By Michael DiStefano
Canadian Baseball Network
Rookie Canadian pitcher Matt Brash surprised many batters in the Metro Atlantic Athletic Conference (MAAC) this season as a vital member of the Niagara University Purple Eagles pitching staff.
The Kingston, Ont., native became the first Canadian to win the MAAC Rookie of the Year award since former Purple Eagle pitcher James Avery won it in 2004.
“I was just happy to be recognized for what I did this year,” Brash said. “I was very consistent over the year and I always kept my team in the game. I didn’t walk too many guys [either], I attacked batters and just had an impact every time I was out there.”
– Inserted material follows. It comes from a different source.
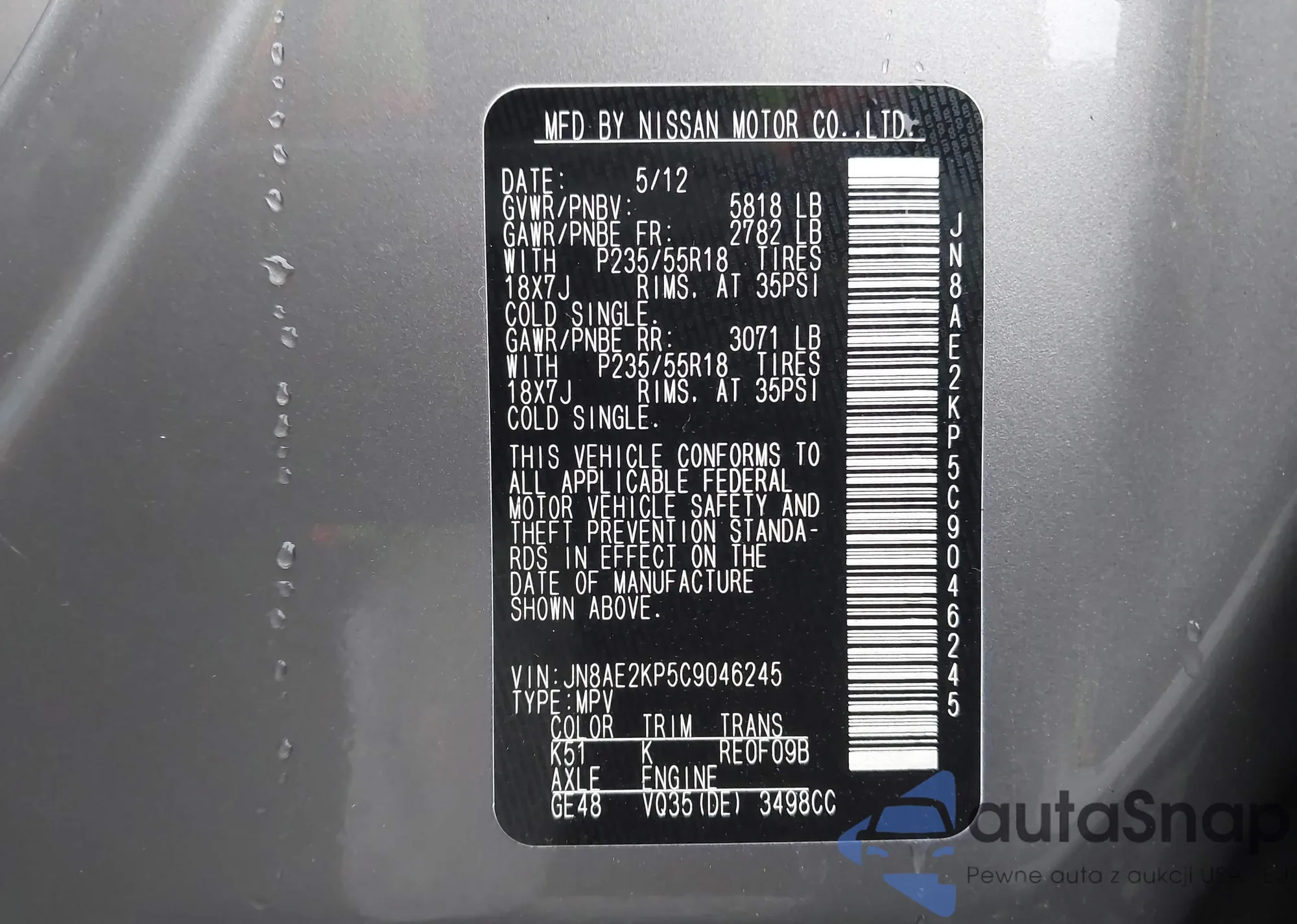 LOT: 43785486 VIN: JN8AE2KP5C9046245

After beginning his freshman season in the bullpen, Brash pitched his way into a starting role and finished the season with a team high 77 1/3 innings pitched, a 5-1 record, including two saves, 63 strikeouts and a 2.79 ERA, which ranks fifth best in school history.
Brash’s award winning season didn’t come easy for the right-hander despite his overwhelming success in his freshman year.
“Before I came to Niagara I could just blow [pitches] by guys because of my velocity,” Brash said of his pitching style.
When Brash got to the NCAA he quickly realized that he wasn’t able to rely on velocity to get outs and had to learn how to pitch more effectively to Division I batters.
“I had to learn how to waste pitches, throw one up into the zone or bounce one,” the young Canadian said. “I had to go inside, which was tough for me at the beginning of the year, but I finally got used to throwing inside on batters and bouncing curveballs, [which ultimately] ended up being my strikeout pitch.”
Brash’s 63 strikeouts ranked second among all MAAC pitchers and he has his sights set on improving those numbers next year with a strong off-season.
“My whole goal this off-season is to get my arm a little healthier and gain some weight and fill out a little bit and hopefully I will gain some velocity,” he said.
Brash visited pitching coach Scott Robinson last summer and praised the Whitby, Ont., native for improving his mechanics, which resulted in his strong rookie campaign.
“I saw [Robinson] last winter and he allowed me to gain lots of miles per hour [on my fastball]. and he actually taught me my curveball,” Brash said of the Toronto-based pitching coach. “I’m going to go back to him before I go to summer ball and try to pick up [a new pitch] from him, maybe a cutter.”
The Purple Eagles right-hander believes adding the cutter will help disguise his fastball and force weaker contact against batters, especially when in a hitter’s count.
“A well-placed fastball seemed to get hit most of the time, so if I throw a cutter in there when I’m behind in the count a 2-0 cutter doesn’t get smoked as hard as a 2-0 fastball,” Brash said.
The freshman pitcher should get a chance to improve his cutter while working as a closer for the Newark Pilots of the Perfect Game Collegiate Baseball League this summer.
“I’m going to be closing there to not get so many innings since I pitched so much this year,” Brash said. “I’m not [in Newark] yet though, I’m doing a little physiotherapy to give my arm a little break.”
The young Canadian hurler expects to be back on the mound soon enough as he’s the kind of player that eats, sleeps, and breathes baseball.
“I wish I was there right now,” he laughed. “It’s a little boring during the day here and I just want to play.”
After a successful rookie campaign, Brash set sky high expectations for himself going into his sophomore season at Niagara and hopes to add more hardware to his collection in 2018.